The problem
Take from the data every line in which the word "easy" is found.

== Given information ==

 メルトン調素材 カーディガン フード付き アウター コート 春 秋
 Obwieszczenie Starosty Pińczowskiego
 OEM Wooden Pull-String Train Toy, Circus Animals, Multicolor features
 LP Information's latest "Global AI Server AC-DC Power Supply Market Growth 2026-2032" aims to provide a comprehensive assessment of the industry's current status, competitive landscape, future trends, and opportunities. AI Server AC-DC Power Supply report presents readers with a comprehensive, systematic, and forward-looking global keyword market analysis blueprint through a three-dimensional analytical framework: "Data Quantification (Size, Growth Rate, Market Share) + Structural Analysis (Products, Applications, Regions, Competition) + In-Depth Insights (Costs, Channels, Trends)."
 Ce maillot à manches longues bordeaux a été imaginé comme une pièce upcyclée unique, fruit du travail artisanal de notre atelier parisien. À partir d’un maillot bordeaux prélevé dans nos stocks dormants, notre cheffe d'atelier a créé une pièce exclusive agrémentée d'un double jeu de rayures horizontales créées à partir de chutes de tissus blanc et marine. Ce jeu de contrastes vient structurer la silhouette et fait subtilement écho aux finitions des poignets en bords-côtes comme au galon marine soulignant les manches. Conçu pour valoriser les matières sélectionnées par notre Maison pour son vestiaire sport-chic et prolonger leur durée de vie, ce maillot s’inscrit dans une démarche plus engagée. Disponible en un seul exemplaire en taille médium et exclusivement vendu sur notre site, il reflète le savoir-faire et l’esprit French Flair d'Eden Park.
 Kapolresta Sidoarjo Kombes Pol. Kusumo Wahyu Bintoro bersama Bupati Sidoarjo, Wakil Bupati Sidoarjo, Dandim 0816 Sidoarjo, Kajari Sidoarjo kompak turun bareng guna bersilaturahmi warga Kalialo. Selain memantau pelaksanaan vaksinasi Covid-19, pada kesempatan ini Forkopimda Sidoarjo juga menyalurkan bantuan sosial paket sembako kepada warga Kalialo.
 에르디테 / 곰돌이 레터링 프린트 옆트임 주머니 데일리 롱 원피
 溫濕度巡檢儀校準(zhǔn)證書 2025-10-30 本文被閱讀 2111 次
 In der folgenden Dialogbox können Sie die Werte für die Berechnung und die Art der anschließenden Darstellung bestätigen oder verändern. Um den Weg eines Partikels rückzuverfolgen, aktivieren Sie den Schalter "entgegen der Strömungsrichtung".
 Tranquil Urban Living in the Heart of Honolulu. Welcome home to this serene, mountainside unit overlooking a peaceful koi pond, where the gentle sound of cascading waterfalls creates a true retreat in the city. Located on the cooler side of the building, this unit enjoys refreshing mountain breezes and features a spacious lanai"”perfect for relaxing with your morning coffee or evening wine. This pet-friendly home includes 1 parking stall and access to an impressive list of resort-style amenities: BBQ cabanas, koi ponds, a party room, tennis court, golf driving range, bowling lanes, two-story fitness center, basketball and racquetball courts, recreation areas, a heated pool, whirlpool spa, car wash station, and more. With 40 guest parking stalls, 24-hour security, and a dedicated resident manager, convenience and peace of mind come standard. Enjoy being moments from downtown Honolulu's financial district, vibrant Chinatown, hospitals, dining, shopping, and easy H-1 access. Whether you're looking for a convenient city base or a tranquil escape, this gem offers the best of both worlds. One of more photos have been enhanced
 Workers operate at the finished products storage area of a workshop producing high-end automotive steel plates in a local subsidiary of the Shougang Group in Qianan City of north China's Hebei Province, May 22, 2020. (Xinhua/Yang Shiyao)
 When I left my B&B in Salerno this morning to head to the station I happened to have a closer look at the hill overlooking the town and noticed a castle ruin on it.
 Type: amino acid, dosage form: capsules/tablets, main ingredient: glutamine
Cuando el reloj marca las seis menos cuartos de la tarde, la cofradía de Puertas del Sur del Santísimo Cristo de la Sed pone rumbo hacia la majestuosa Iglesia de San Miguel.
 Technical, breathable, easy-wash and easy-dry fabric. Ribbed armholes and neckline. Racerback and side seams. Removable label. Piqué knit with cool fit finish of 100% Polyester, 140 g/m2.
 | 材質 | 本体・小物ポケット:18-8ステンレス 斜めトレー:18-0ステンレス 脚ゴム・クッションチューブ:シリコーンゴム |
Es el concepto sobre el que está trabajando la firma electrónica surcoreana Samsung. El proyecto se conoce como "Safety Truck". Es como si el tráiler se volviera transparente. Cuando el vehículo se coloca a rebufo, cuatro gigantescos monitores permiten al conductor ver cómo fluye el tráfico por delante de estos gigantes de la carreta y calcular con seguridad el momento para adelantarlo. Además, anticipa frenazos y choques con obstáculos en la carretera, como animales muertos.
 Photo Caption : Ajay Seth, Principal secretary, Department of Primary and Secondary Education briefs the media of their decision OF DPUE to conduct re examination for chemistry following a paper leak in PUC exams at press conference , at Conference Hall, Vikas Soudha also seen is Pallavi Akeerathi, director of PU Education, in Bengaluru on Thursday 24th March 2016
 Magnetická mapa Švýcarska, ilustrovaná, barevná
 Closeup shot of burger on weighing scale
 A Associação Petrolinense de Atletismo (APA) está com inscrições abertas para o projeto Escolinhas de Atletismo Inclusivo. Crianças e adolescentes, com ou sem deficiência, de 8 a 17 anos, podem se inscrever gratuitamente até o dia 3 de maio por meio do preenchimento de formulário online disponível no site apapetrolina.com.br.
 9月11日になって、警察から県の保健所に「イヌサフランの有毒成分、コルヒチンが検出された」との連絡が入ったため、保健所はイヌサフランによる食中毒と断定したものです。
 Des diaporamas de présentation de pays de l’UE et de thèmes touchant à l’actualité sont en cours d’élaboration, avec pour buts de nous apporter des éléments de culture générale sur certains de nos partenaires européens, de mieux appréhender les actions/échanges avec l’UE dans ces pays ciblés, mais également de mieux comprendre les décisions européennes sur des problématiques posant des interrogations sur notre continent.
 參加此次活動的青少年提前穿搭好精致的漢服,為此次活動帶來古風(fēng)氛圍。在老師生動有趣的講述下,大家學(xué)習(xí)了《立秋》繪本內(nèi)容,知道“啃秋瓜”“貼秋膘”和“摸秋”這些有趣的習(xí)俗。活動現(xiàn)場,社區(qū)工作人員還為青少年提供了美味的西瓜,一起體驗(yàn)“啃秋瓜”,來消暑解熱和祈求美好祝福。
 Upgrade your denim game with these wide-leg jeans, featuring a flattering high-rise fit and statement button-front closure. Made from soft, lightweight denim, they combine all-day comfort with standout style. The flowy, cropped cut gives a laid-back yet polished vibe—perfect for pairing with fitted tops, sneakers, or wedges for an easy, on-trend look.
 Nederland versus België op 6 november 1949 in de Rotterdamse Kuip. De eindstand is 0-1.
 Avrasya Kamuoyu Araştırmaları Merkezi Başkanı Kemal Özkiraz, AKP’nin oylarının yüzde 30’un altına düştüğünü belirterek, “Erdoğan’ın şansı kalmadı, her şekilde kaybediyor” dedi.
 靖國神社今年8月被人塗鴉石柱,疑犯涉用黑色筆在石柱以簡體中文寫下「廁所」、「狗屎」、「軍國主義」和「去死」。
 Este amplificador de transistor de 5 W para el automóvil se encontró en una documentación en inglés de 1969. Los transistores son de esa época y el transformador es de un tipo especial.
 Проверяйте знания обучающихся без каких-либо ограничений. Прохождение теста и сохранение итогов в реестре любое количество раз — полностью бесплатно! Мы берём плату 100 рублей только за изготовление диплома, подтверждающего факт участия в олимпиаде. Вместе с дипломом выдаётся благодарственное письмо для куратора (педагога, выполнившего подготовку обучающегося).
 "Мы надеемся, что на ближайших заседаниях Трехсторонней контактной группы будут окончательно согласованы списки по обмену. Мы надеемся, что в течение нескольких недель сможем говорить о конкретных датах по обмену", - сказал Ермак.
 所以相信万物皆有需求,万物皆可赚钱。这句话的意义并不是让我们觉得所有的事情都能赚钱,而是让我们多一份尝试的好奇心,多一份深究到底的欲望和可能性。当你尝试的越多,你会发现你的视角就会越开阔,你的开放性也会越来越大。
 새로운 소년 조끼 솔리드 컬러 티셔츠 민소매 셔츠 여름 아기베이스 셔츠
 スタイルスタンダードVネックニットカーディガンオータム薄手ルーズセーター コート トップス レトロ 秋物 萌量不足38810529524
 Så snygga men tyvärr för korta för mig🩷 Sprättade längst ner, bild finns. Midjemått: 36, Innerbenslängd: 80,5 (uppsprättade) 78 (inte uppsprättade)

===

Problem solution
 Tranquil Urban Living in the Heart of Honolulu. Welcome home to this serene, mountainside unit overlooking a peaceful koi pond, where the gentle sound of cascading waterfalls creates a true retreat in the city. Located on the cooler side of the building, this unit enjoys refreshing mountain breezes and features a spacious lanai"”perfect for relaxing with your morning coffee or evening wine. This pet-friendly home includes 1 parking stall and access to an impressive list of resort-style amenities: BBQ cabanas, koi ponds, a party room, tennis court, golf driving range, bowling lanes, two-story fitness center, basketball and racquetball courts, recreation areas, a heated pool, whirlpool spa, car wash station, and more. With 40 guest parking stalls, 24-hour security, and a dedicated resident manager, convenience and peace of mind come standard. Enjoy being moments from downtown Honolulu's financial district, vibrant Chinatown, hospitals, dining, shopping, and easy H-1 access. Whether you're looking for a convenient city base or a tranquil escape, this gem offers the best of both worlds. One of more photos have been enhanced
 Technical, breathable, easy-wash and easy-dry fabric. Ribbed armholes and neckline. Racerback and side seams. Removable label. Piqué knit with cool fit finish of 100% Polyester, 140 g/m2.
 Upgrade your denim game with these wide-leg jeans, featuring a flattering high-rise fit and statement button-front closure. Made from soft, lightweight denim, they combine all-day comfort with standout style. The flowy, cropped cut gives a laid-back yet polished vibe—perfect for pairing with fitted tops, sneakers, or wedges for an easy, on-trend look.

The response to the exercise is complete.